A Machine Learning and Finite Element Framework for Inverse Elliptic PDEs via Dirichlet-to-Neumann Mapping
Journal:
arXiv
Published Date:
Apr 4, 2025
Abstract
Inverse problems for partial differential equations (PDEs) are crucial in
numerous applications such as geophysics, biomedical imaging, and material
science, where unknown physical properties must be inferred from indirect
measurements. In this work, we address the inverse problem for elliptic PDEs by
leveraging the Dirichlet-to-Neumann (DtN) map, which captures the relationship
between boundary inputs and flux responses. Thus, this approach enables to
solve the inverse problem that seeks the material properties inside the domain
by utilizing the boundary data. Our framework employs an unsupervised machine
learning algorithm that integrates a finite element method (FEM) in the inner
loop for the forward problem, ensuring high accuracy. Moreover our approach is
flexible to utilize partial observations of the boundary data, which is often
the case in real-world scenarios.
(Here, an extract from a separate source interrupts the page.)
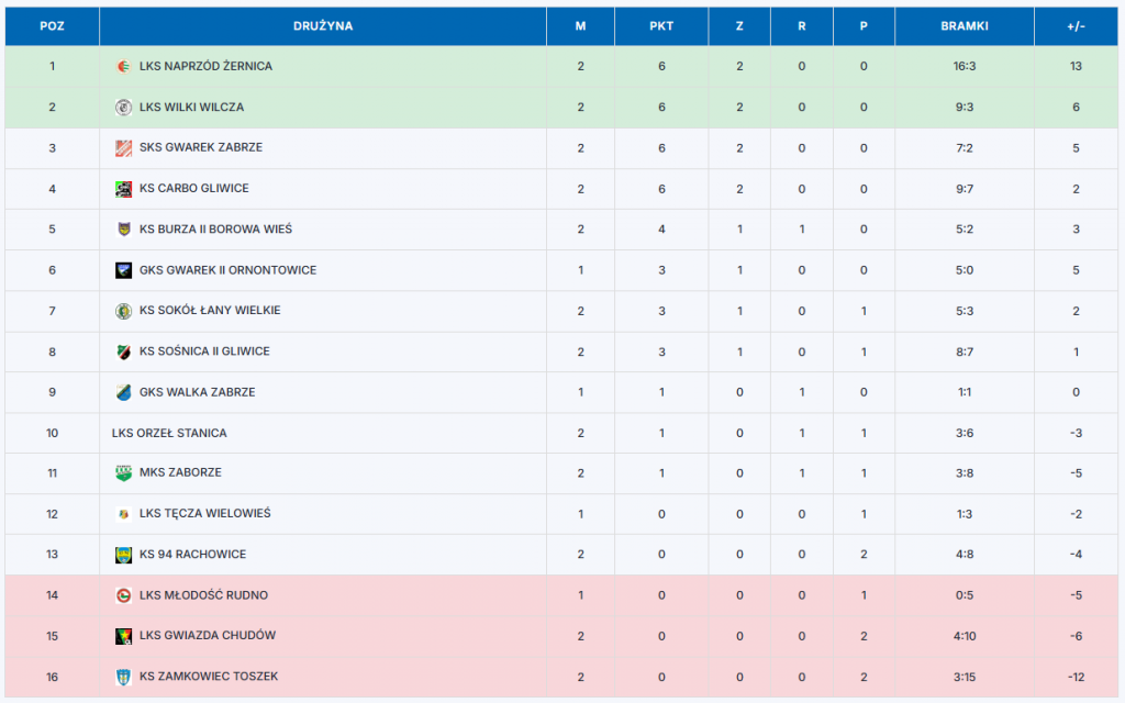 Fantastyczną formę prezentuje Naprzód Żernica, który zanotował kolejne wysokie zwycięstwo i udowodnił, iż liczy się w tym sezonie w czołówce. Wilki również spisują się znakomicie, notując drugie zwycięstwo z rzędu i pokazując, iż są groźnym przeciwnikiem dla wszystkich zespołu.

By incorporating carefully designed loss
functions that accommodate discontinuities, the method refines coefficient
reconstructions iteratively. This combined FEM and machine learning approach
offers a robust, accurate solution strategy for a broad range of inverse
problems, enabling improved estimation of critical parameters in applications
from medical diagnostics to subsurface exploration.